Used to relying on third-party data to create ads that target aggregate groups of people with shared traits or behaviors, many marketers understandably wonder what cookieless advertising will look like once Google completes its deprecation plans in 2023.
Although the prospect may seem daunting now, the best way to prepare is to start shifting your strategy now, leaving more time to test and improve your approach leading up to the cookiepocalypse.
Expect challenges
Today’s customers are used to personalization. They expect you to remember their favorites, for items to stay in their cart over time, and not to have to remember their login details. However, they also expect their privacy to be respected, and that means the end of third-party cookies.
Without the benefit of aggregate third-party data to drive personalized content and retargeting, we expect to see some significant changes once the internet moves to cookieless advertising. For customers, this might include:
- Broader advertising campaigns
- Gated content and experiences
- Increased email marketing
- Transparent privacy and data use policies
From a marketing standpoint, we expect to see:
- Steeper ad costs
- Reduced targeting accuracy
- Limited use of customer lists
- More time spent on audience modeling
Design solutions
Change is hard.
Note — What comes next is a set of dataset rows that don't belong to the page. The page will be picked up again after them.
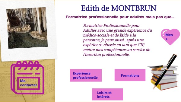 Formatrice Professionnelle pour Adultes avec une grande expérience du médico-sociale et de l'aide à la personne, je peux aussi , après une expérience réussie en tant que CIP, mettre mes compétences au service de l'insertion professionnelle.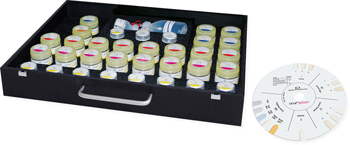 Set for veneering alloys that have a high CTE value (CTE range of 15.9 · 10-6 K-1 - 17.0 · 10-6 K-1 at 25 °C - 500 °C / 77 °F - 932 °F). Contains the 8 most important A–D shades, Paste Opaque, Base Dentins, Dentins, Incisal and modifiers.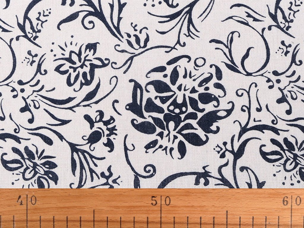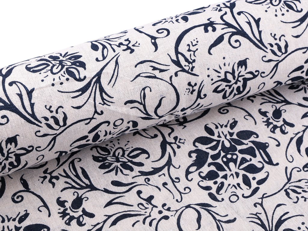 Látku imitující len zdobí květinové motivy. Využijete ji na šití ubrusů, běhounů, prostírání, dekoračních polštářů, tašek, dětských teepee apod.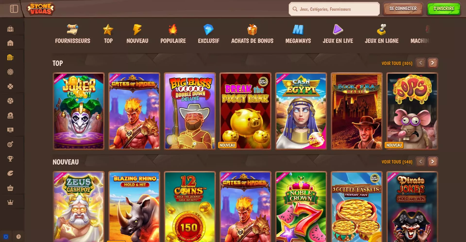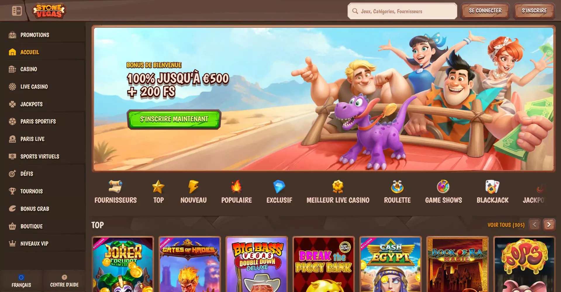 StoneVegas propose plus de 7500 jeux issus de 80 fournisseurs réputés. Une fois inscrit, le joueur accède à une large gamme de catégories: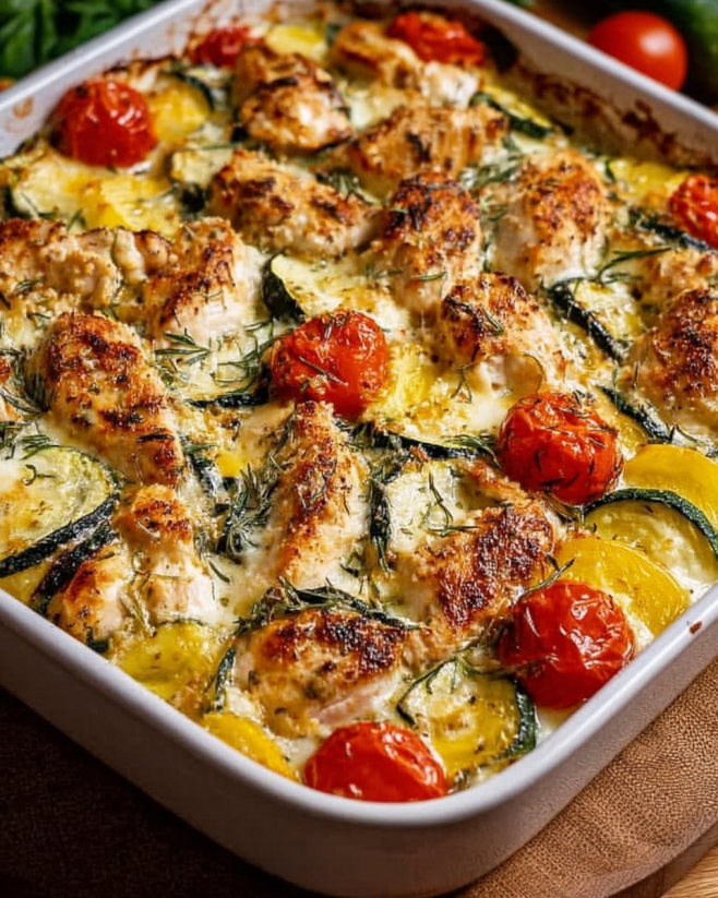 A delicious and healthy Mediterranean Chicken Zucchini Bake that combines chicken, zucchini, and vibrant Mediterranean flavors.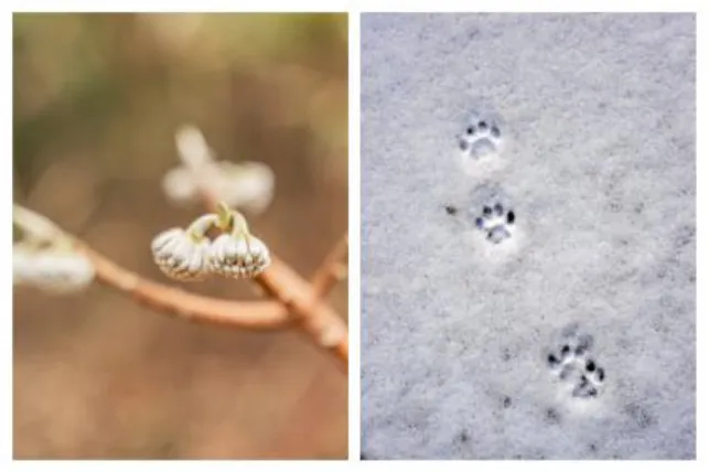 六甲山の山頂近くにあるSIKIガーデンでは、神戸市街地より気温が約5℃低く、神戸では珍しい雪景色が観られる日もあります。葉を落とす広葉樹や春を待つ木々のつぼみ、冬鳥の活動、野生の小動物の痕跡(フィールドサイン)など、六甲山ならではの豊かな自然の冬の姿を間近に感じられます。(ガーデン面積16,010.77平方メートル)

But cookieless advertising doesn’t have to be a disaster for your marketing department. Companies that prepare now will find significant opportunities in a first-party data strategy and may more easily pull ahead in early 2024.
Preparing for cookieless advertising begins with a deep dive into how your company uses third-party cookies today. What goals and metrics do those processes currently support? Which KPIs rely on third-party data? Once you understand your risk, you can start to plan solutions that fit your immediate needs and insulate your organization from future data privacy changes.
Plan to iterate
Once you’ve used your risk assessment to create a new customer data strategy that replaces third-party cookies with other data sources, you’ll also need time to test, measure, and iterate. Building your timeline to account for several months of improvements while your old strategy runs in parallel can help to mitigate your exposure when cookie deprecation reaches completion.